AWS Database Migration Service 101

I am definitely not a Database Expert! But, if you are anything like me, your various roles have required you to jump in and out of that world once or twice a year. Enough to get your boots a little muddy. I was recently tasked with standing up an instance of the AWS Database Migration Service at work and I definitely had that brief wave of anxiety hit me.

But……as always, it wasn’t that bad at all once you get into it. The AWS side of things is pretty straight forward and if you come into this with a smidge of DB knowledge I think you’ll find it a rewarding experience. Kind of like an after school special where everybody learned a little bit more about themselves that day.

WTF Is A DMS And Why Should I Care?

AWS Database Migration Service (DMS) is basically Amazon’s moving truck for databases. It picks up your data from one database and delivers it safely to another. This tool can do this on AWS, between AWS services, or even from a different cloud or on-prem system. And here are two other REALLY neat parts…

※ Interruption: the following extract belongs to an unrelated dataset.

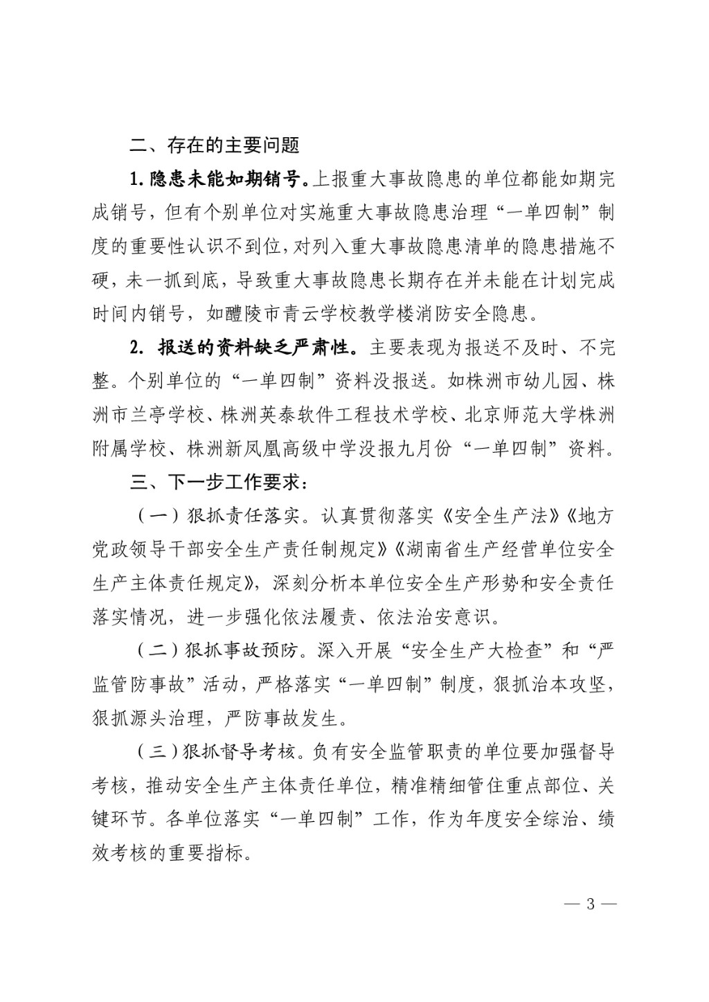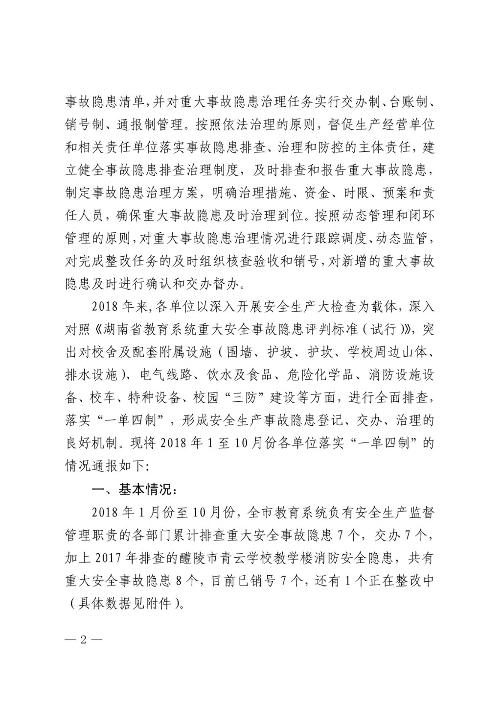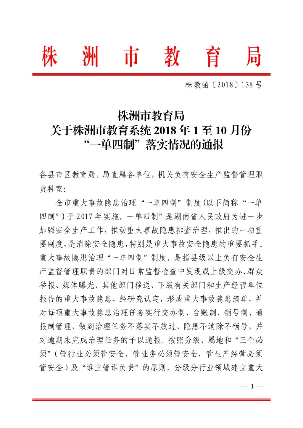 株洲市教育局关于株洲市教育系统2018年1至10月份“一单四制”落实情况的通报

  1. It can migrate between different database engines! Think Oracle -> PostgreSQL or SQL Server -> Amazon Aurora.
  2. It also keeps the source database running while the move happens! It’s often used for cloud migrations, upgrades, or consolidating multiple databases into one.

Standard Vs. Serverless

Feature DMS Standard DMS Serverless
Compute Dedicated Replication Instance AWS Managed Compute
Scaling Fixed Capacity / You Adjust Elastic Scaling Based On Demand
Management You Manage Networking, Instance Sizing, Patching Managed By AWS
Pricing Billed Per Hour For The Instance Billed By Capacity Units Used During Replication
Use Cases You Want Tight Control You Want Simplicity
Supported Endpoints All DMS Supported Engines & Endpoints *Not Yet 100% But Growing
Maturity An Old Wise Man A Cool Older Cousin

The Basics

Below is an overview of the configuration we are talking about today. As you can see, it’s honestly pretty simple at a high level. The Replication Instance sits in the middle and does the work of pulling the data out of SQL Server, massaging it as needed, and then putting it into the endpoint. In our case we are putting this information into an S3 Bucket to act as a data lake.

AWS Backup Plan

Let’s Dive Deepers

Now let’s zoom in a bit and break apart some of the individual pieces!

Replication Instance

Since we are using DMS Standard we are going to need a dedicated Replication Instance to do all of the grunt work. Configuration of this instance is pretty simple as you can see in the diagram below. The Instance Class value is required and is how we are manually defining the EC2 instance size we want to use for our specific Replication Tasks.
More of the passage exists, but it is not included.